Research has also linked circadian disruption to higher rates of depression and anxiety, which are themselves independent risk factors for cardiovascular disease. At the molecular level, misalignment can affect clock genes that regulate metabolic pathways in the liver, pancreas, and cardiovascular system, potentially contributing to inflammation, insulin resistance, and dysregulation of blood pressure.

What This Means for Night Owls

The study’s authors emphasize that their findings should not be interpreted as a reason for evening types to feel helpless about their cardiovascular health. To the contrary, the results highlight that interventions targeting the specific risk factors measured by Life’s Essential 8 may be particularly beneficial for this population.

For night owls concerned about heart health, the data suggest focusing on the factors that showed the strongest associations with chronotype: avoiding tobacco and secondhand smoke, maintaining adequate sleep duration despite schedule challenges, managing blood glucose through diet and activity, maintaining a healthy weight, and eating a nutritious diet. Blood pressure and cholesterol showed weaker associations with chronotype, suggesting these may be less influenced by sleep timing preferences.

The association between evening chronotype and poor cardiovascular health was notably stronger among women than among men in this study, with women showing a 96% higher prevalence of poor overall scores than men did (67%).
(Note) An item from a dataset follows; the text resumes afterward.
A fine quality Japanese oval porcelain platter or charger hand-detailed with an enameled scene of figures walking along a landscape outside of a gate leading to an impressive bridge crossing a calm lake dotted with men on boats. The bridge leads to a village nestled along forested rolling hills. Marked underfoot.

This suggests that interventions may need to account for sex differences in how chronotype affects health behaviors.

Study Strengths and Limitations

The research benefits from its large sample size, long follow-up period, and use of objective measurements for several health factors, including blood pressure, blood lipids, and blood glucose. The prospective design, following participants forward in time from baseline, strengthens the ability to draw conclusions about temporal relationships between chronotype and subsequent disease.
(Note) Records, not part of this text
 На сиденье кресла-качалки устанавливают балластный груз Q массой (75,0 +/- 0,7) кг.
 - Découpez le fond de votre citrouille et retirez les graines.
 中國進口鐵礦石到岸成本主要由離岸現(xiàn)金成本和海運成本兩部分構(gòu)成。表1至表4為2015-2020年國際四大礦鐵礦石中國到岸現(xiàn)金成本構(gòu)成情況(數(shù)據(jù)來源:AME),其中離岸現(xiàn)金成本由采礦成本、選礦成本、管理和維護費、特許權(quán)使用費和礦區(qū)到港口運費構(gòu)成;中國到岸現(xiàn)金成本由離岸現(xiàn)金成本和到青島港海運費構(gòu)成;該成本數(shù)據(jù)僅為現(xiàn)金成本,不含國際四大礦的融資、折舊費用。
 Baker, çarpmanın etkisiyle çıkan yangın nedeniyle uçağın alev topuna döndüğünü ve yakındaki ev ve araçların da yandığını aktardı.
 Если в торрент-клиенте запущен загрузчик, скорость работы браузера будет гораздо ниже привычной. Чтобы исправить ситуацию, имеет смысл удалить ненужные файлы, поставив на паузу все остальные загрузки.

However, the study has limitations. Chronotype was assessed with a single question rather than a comprehensive questionnaire, though this measure has been validated against longer instruments. The UK Biobank population is predominantly White and healthier than the general population, which may limit generalizability. Additionally, because both chronotype and the Life’s Essential 8 components were measured at the same time point, the study cannot definitively establish that chronotype preceded the development of poor health behaviors.

The Bottom Line

This research adds to growing evidence that when we sleep matters for health, not just how long we sleep. For the millions of adults who naturally gravitate toward late nights, the findings offer both a warning and a reassurance. Evening chronotype does appear to be associated with increased cardiovascular risk, but this risk is not inevitable. By paying particular attention to smoking avoidance, sleep adequacy, weight management, and other components of cardiovascular health, night owls may be able to substantially reduce or eliminate the excess risk associated with their sleep timing preferences.
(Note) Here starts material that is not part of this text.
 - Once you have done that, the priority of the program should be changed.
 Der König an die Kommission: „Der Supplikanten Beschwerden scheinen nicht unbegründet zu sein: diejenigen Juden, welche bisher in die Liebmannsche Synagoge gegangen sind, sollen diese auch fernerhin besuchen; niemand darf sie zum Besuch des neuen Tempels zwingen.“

The study’s authors conclude that evening chronotype should be considered a clinically relevant factor when developing cardiovascular disease prevention strategies, with targeted promotion of healthy behaviors among people who identify as night owls.

Reference: Kianersi S, Potts KS, Wang H, Sofer T, Noordam R, Rutter MK, Rexrode K, Redline S, Huang T. Chronotype, Life’s Essential 8, and Risk of Cardiovascular Disease: A Prospective Cohort Study in UK Biobank. J Am Heart Assoc. 2026;15:e044189.